> [TASK]
Without any images, write the data out exactly as it appears.

> [INPUT DATA]
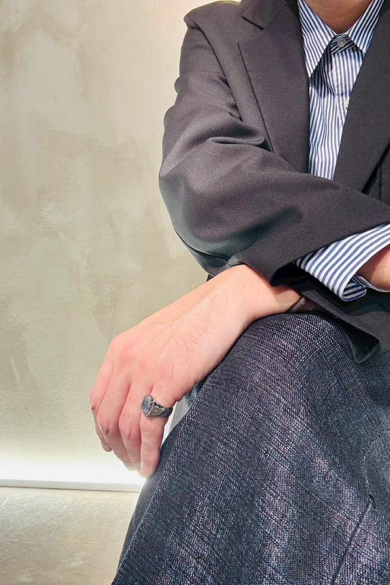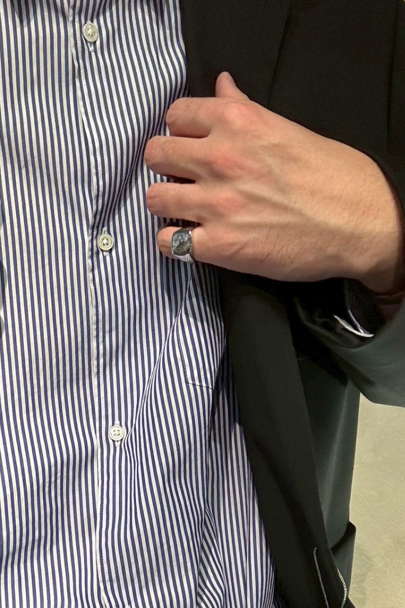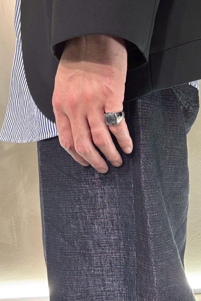 最初にTOMWOODの方はリングなのですが写真で僕が小指にしているのがCushion Larvikite クッション・ラルビカイトになります。
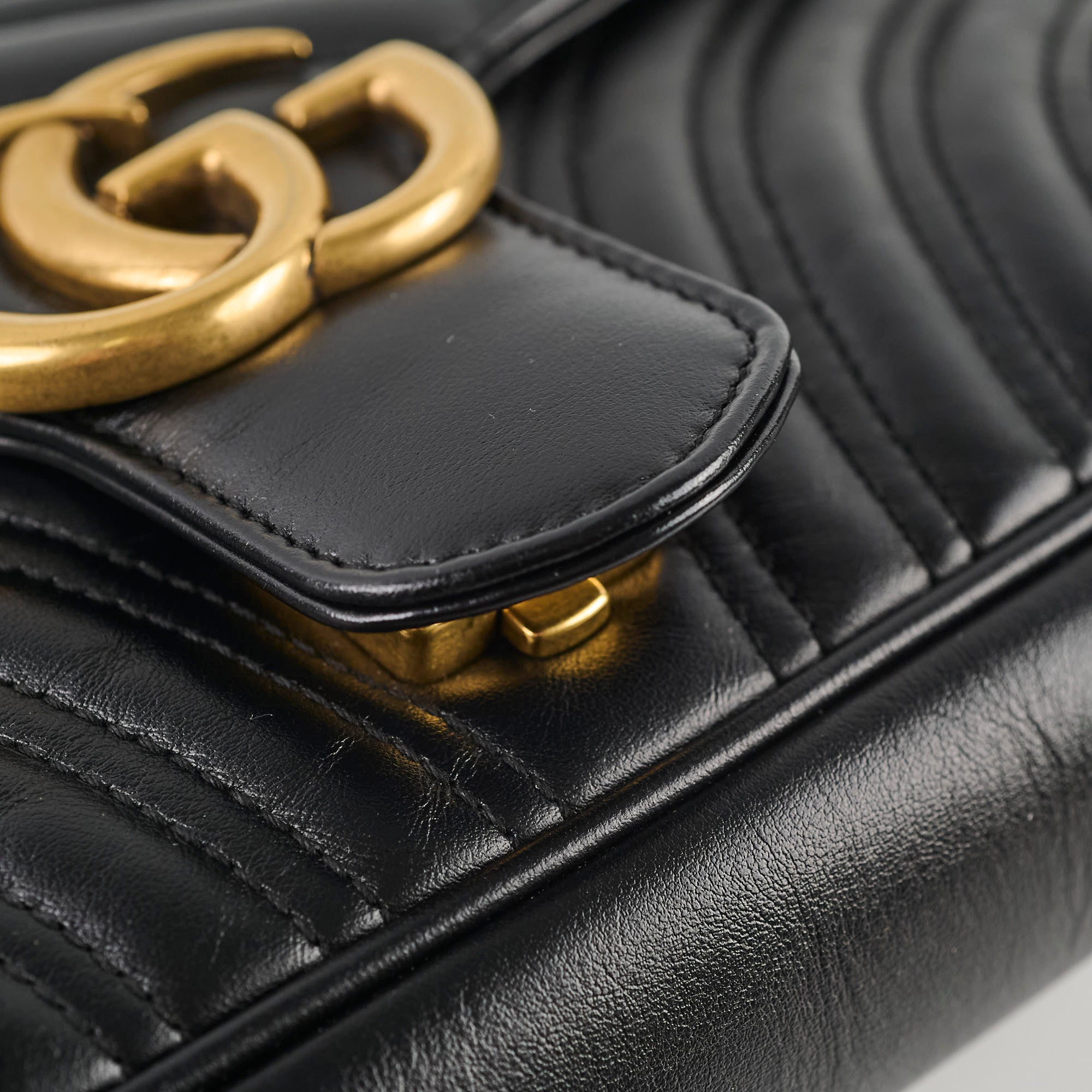 Scratches and tarnishing on hardware, softened structure, creasing on flap and interior leather
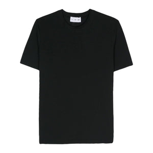 black cotton blend jersey texture tonal stitching crew neck logo print to the rear short sleeves straight hem Logo cotton blend t-shirt Size and Fit - This piece fits true to size. We recommend you get your regular size. Model is 1,84m / 6ft 1in wearing size M
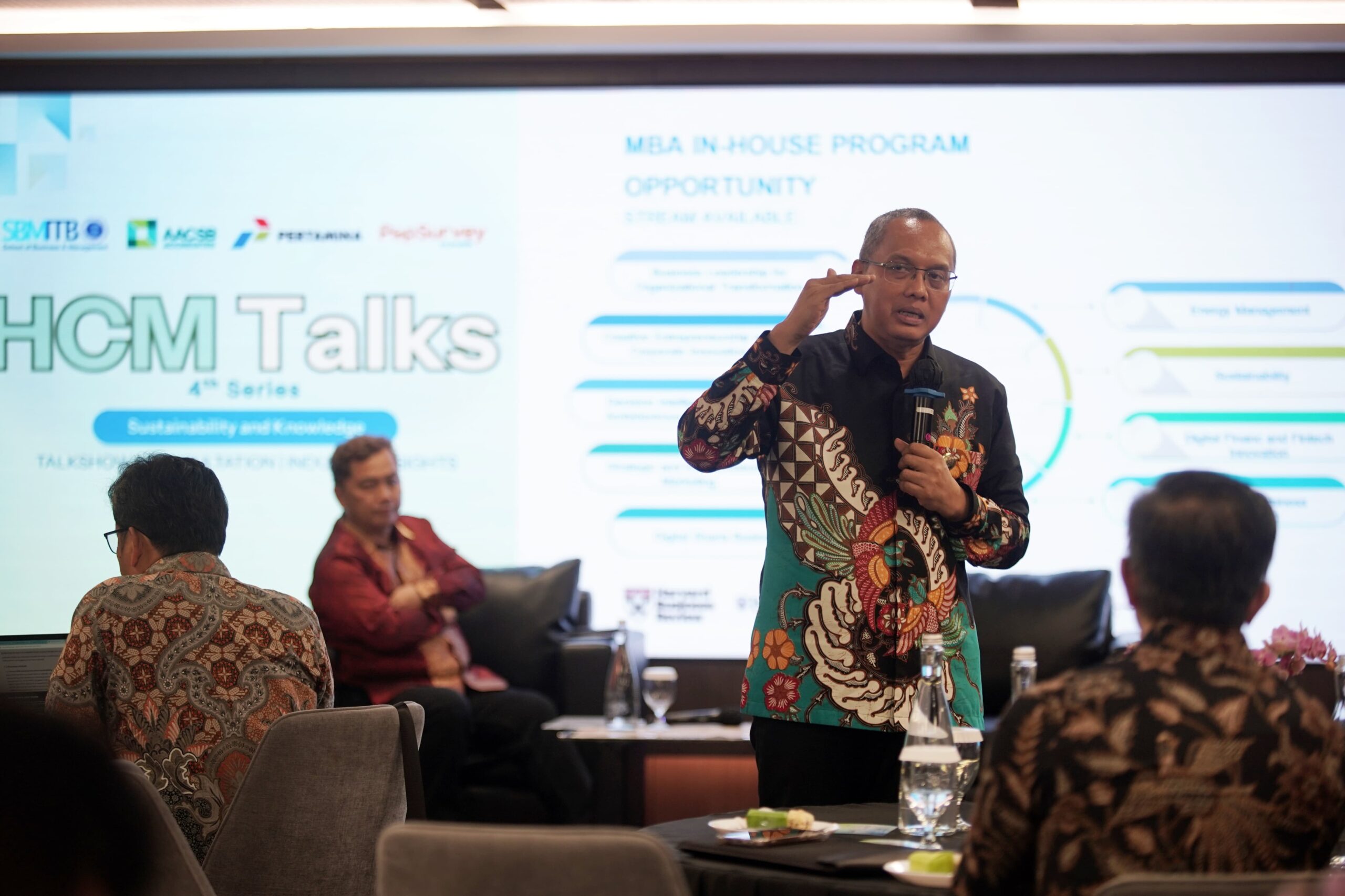 JAKARTA – Sekolah Bisnis Manajemen Institut Teknologi Bandung (SBM ITB) menggelar HCM Talks keempat bertema “Sustainability and Knowledge” bekerja sama dengan Pertamina. Acara ini membahas isu strategis mulai dari keberlanjutan, manajemen pengetahuan, pengembangan talenta, budaya inklusif, hingga pemanfaatan data dan HR analytics.

> [SOLUTION FOR THIS TASK]
 最初にTOMWOODの方はリングなのですが写真で僕が小指にしているのがCushion Larvikite クッション・ラルビカイトになります。
 Scratches and tarnishing on hardware, softened structure, creasing on flap and interior leather
 black cotton blend jersey texture tonal stitching crew neck logo print to the rear short sleeves straight hem Logo cotton blend t-shirt Size and Fit - This piece fits true to size. We recommend you get your regular size. Model is 1,84m / 6ft 1in wearing size M
 JAKARTA – Sekolah Bisnis Manajemen Institut Teknologi Bandung (SBM ITB) menggelar HCM Talks keempat bertema “Sustainability and Knowledge” bekerja sama dengan Pertamina. Acara ini membahas isu strategis mulai dari keberlanjutan, manajemen pengetahuan, pengembangan talenta, budaya inklusif, hingga pemanfaatan data dan HR analytics.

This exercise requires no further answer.